#### [Problem statement]
Return each entry below word for word, leaving out any image.

#### [Supplied records]
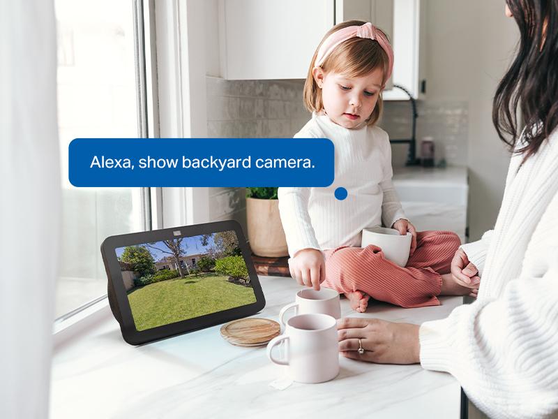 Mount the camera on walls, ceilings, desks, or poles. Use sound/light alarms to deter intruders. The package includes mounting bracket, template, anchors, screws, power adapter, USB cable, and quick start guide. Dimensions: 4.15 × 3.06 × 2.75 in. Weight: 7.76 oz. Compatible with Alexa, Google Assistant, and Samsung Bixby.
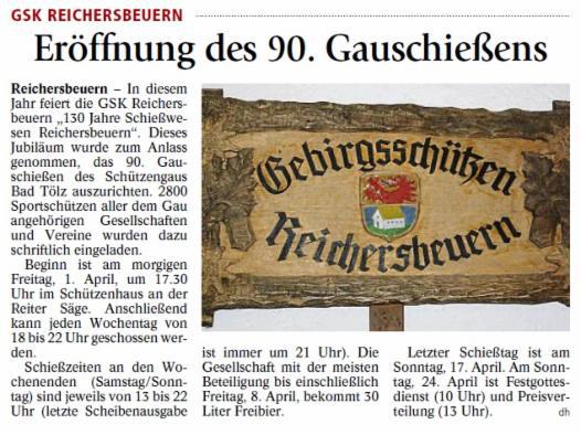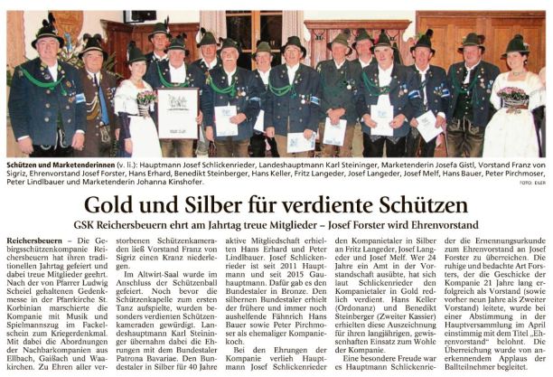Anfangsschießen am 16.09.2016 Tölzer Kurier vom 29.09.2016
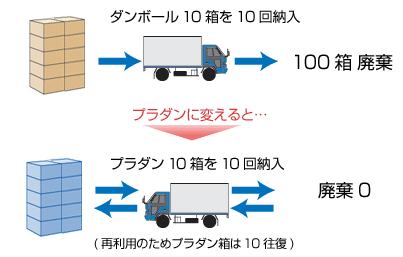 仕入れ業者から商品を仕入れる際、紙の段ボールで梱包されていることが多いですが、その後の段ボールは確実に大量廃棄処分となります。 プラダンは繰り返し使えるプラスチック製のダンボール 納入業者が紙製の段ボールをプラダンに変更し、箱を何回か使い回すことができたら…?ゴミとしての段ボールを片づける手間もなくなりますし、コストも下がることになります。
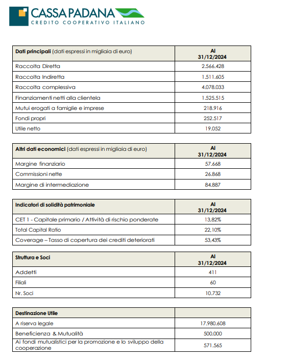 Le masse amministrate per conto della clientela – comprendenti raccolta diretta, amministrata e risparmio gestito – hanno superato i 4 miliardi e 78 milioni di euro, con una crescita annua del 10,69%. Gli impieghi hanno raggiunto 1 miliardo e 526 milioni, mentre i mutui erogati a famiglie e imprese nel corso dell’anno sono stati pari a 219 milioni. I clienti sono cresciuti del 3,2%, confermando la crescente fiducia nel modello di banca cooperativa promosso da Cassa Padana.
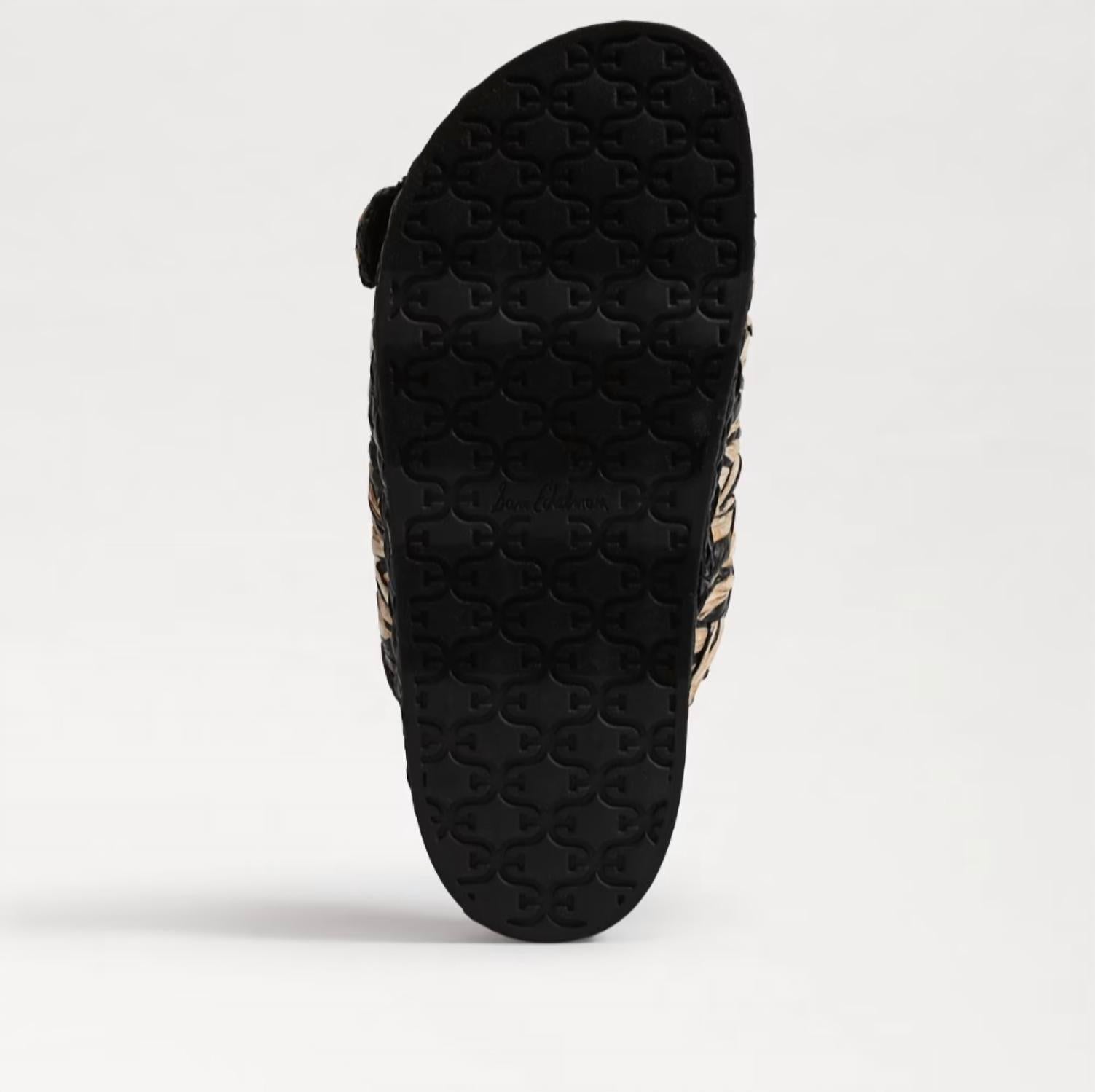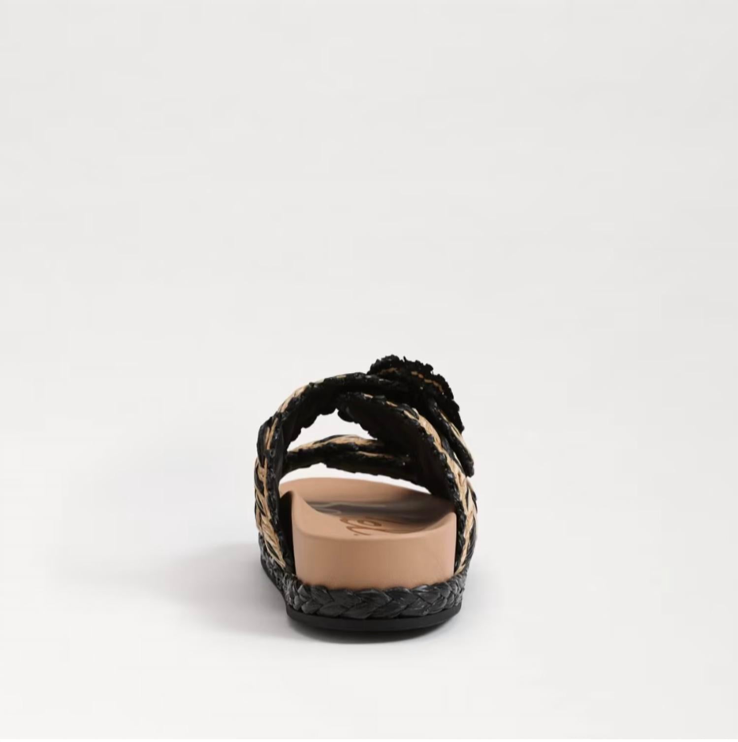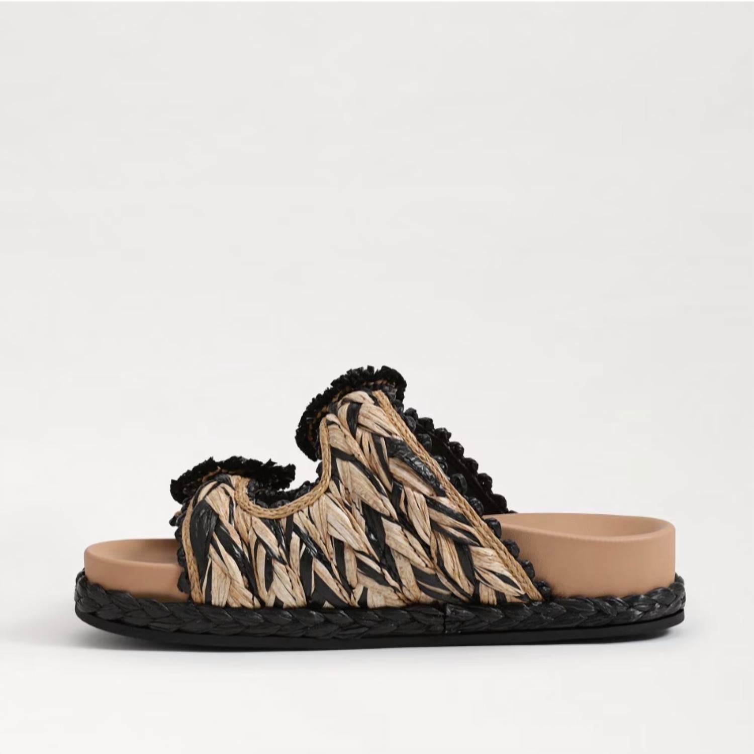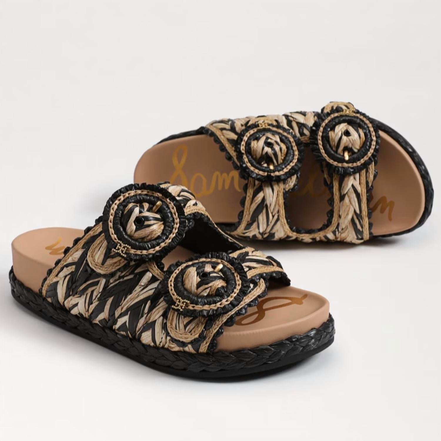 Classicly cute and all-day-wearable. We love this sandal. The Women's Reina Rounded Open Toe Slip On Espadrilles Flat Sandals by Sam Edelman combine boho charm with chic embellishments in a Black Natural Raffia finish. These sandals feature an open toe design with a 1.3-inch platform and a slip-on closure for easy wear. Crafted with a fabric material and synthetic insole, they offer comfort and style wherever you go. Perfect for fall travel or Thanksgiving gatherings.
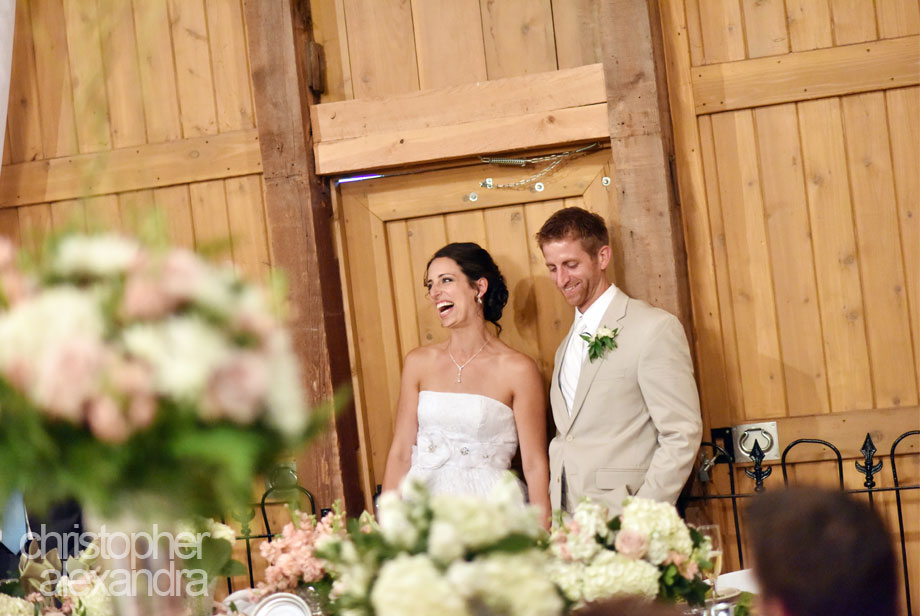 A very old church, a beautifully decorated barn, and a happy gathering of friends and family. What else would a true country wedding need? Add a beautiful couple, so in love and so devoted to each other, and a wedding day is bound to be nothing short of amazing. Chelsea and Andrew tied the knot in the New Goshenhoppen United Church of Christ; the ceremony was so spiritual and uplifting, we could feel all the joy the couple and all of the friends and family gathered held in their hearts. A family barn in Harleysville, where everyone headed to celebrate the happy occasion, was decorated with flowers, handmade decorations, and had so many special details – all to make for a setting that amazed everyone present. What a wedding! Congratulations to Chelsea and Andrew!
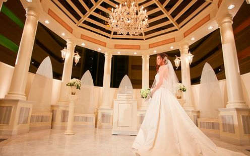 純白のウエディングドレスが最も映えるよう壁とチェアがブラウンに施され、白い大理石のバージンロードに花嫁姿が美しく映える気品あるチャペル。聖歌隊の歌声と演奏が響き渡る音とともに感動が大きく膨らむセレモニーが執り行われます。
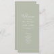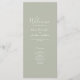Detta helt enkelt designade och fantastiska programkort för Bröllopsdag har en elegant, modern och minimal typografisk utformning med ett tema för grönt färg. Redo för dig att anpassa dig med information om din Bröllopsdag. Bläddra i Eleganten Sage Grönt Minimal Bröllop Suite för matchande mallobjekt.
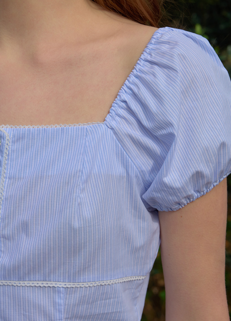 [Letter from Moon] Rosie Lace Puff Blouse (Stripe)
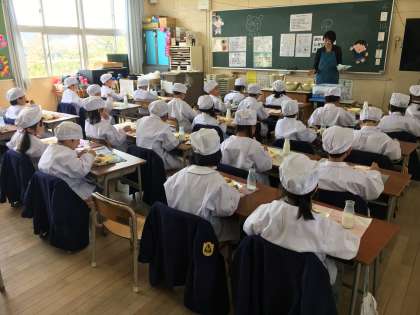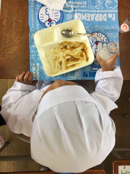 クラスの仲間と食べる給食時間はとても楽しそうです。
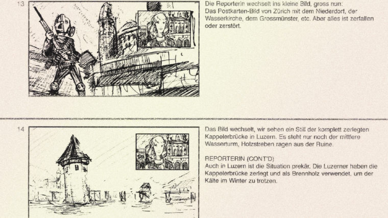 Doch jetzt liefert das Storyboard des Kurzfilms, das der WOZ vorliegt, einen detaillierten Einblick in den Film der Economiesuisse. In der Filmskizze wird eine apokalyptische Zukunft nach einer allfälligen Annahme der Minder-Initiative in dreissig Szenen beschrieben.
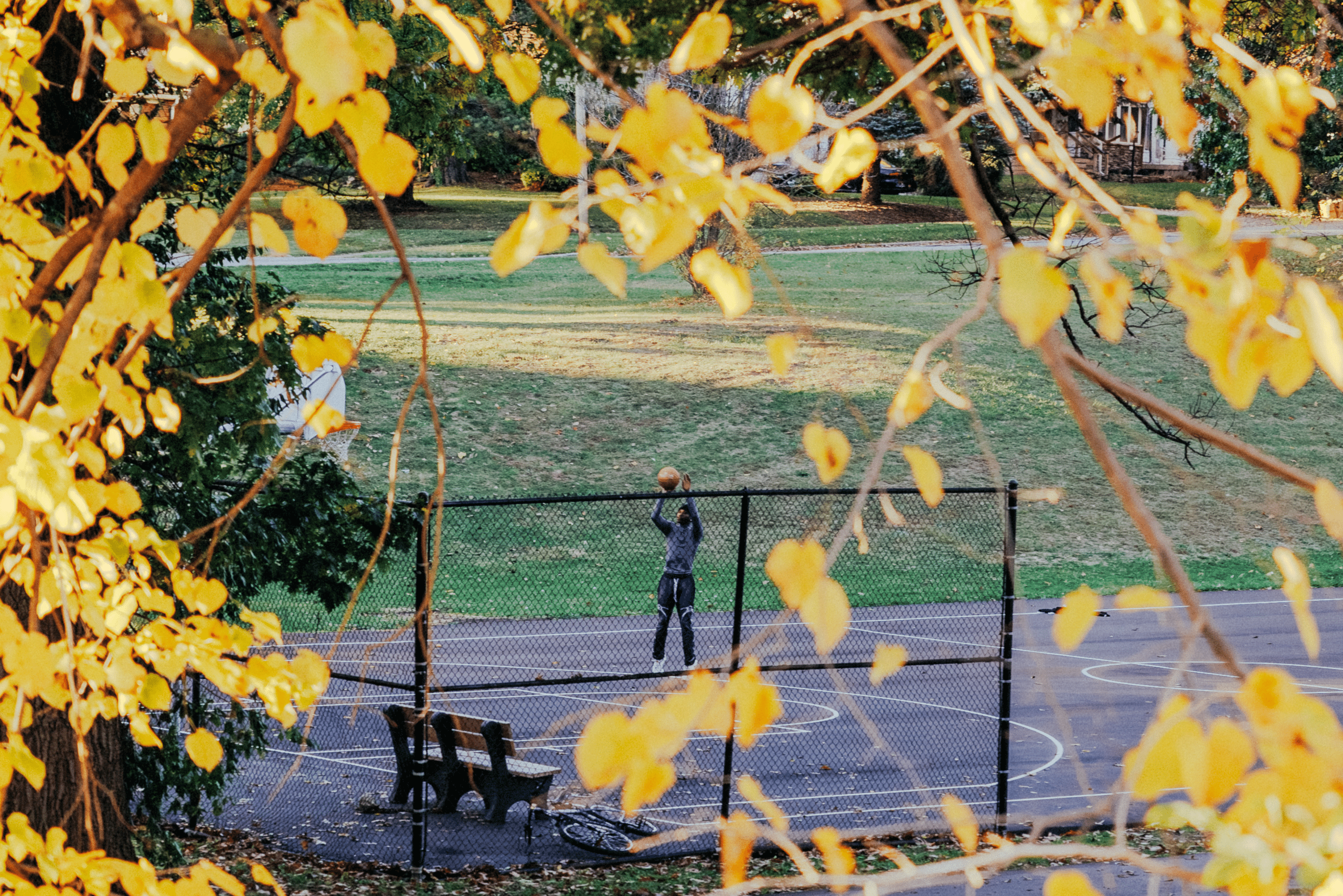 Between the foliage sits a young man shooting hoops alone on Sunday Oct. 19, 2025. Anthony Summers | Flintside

#### [Answer for this exercise]
 Mount the camera on walls, ceilings, desks, or poles. Use sound/light alarms to deter intruders. The package includes mounting bracket, template, anchors, screws, power adapter, USB cable, and quick start guide. Dimensions: 4.15 × 3.06 × 2.75 in. Weight: 7.76 oz. Compatible with Alexa, Google Assistant, and Samsung Bixby.
Anfangsschießen am 16.09.2016 Tölzer Kurier vom 29.09.2016
 仕入れ業者から商品を仕入れる際、紙の段ボールで梱包されていることが多いですが、その後の段ボールは確実に大量廃棄処分となります。 プラダンは繰り返し使えるプラスチック製のダンボール 納入業者が紙製の段ボールをプラダンに変更し、箱を何回か使い回すことができたら…?ゴミとしての段ボールを片づける手間もなくなりますし、コストも下がることになります。
 Le masse amministrate per conto della clientela – comprendenti raccolta diretta, amministrata e risparmio gestito – hanno superato i 4 miliardi e 78 milioni di euro, con una crescita annua del 10,69%. Gli impieghi hanno raggiunto 1 miliardo e 526 milioni, mentre i mutui erogati a famiglie e imprese nel corso dell’anno sono stati pari a 219 milioni. I clienti sono cresciuti del 3,2%, confermando la crescente fiducia nel modello di banca cooperativa promosso da Cassa Padana.
 Classicly cute and all-day-wearable. We love this sandal. The Women's Reina Rounded Open Toe Slip On Espadrilles Flat Sandals by Sam Edelman combine boho charm with chic embellishments in a Black Natural Raffia finish. These sandals feature an open toe design with a 1.3-inch platform and a slip-on closure for easy wear. Crafted with a fabric material and synthetic insole, they offer comfort and style wherever you go. Perfect for fall travel or Thanksgiving gatherings.
 A very old church, a beautifully decorated barn, and a happy gathering of friends and family. What else would a true country wedding need? Add a beautiful couple, so in love and so devoted to each other, and a wedding day is bound to be nothing short of amazing. Chelsea and Andrew tied the knot in the New Goshenhoppen United Church of Christ; the ceremony was so spiritual and uplifting, we could feel all the joy the couple and all of the friends and family gathered held in their hearts. A family barn in Harleysville, where everyone headed to celebrate the happy occasion, was decorated with flowers, handmade decorations, and had so many special details – all to make for a setting that amazed everyone present. What a wedding! Congratulations to Chelsea and Andrew!
 純白のウエディングドレスが最も映えるよう壁とチェアがブラウンに施され、白い大理石のバージンロードに花嫁姿が美しく映える気品あるチャペル。聖歌隊の歌声と演奏が響き渡る音とともに感動が大きく膨らむセレモニーが執り行われます。
Detta helt enkelt designade och fantastiska programkort för Bröllopsdag har en elegant, modern och minimal typografisk utformning med ett tema för grönt färg. Redo för dig att anpassa dig med information om din Bröllopsdag. Bläddra i Eleganten Sage Grönt Minimal Bröllop Suite för matchande mallobjekt.
 [Letter from Moon] Rosie Lace Puff Blouse (Stripe)
 クラスの仲間と食べる給食時間はとても楽しそうです。
 Doch jetzt liefert das Storyboard des Kurzfilms, das der WOZ vorliegt, einen detaillierten Einblick in den Film der Economiesuisse. In der Filmskizze wird eine apokalyptische Zukunft nach einer allfälligen Annahme der Minder-Initiative in dreissig Szenen beschrieben.
 Between the foliage sits a young man shooting hoops alone on Sunday Oct. 19, 2025. Anthony Summers | Flintside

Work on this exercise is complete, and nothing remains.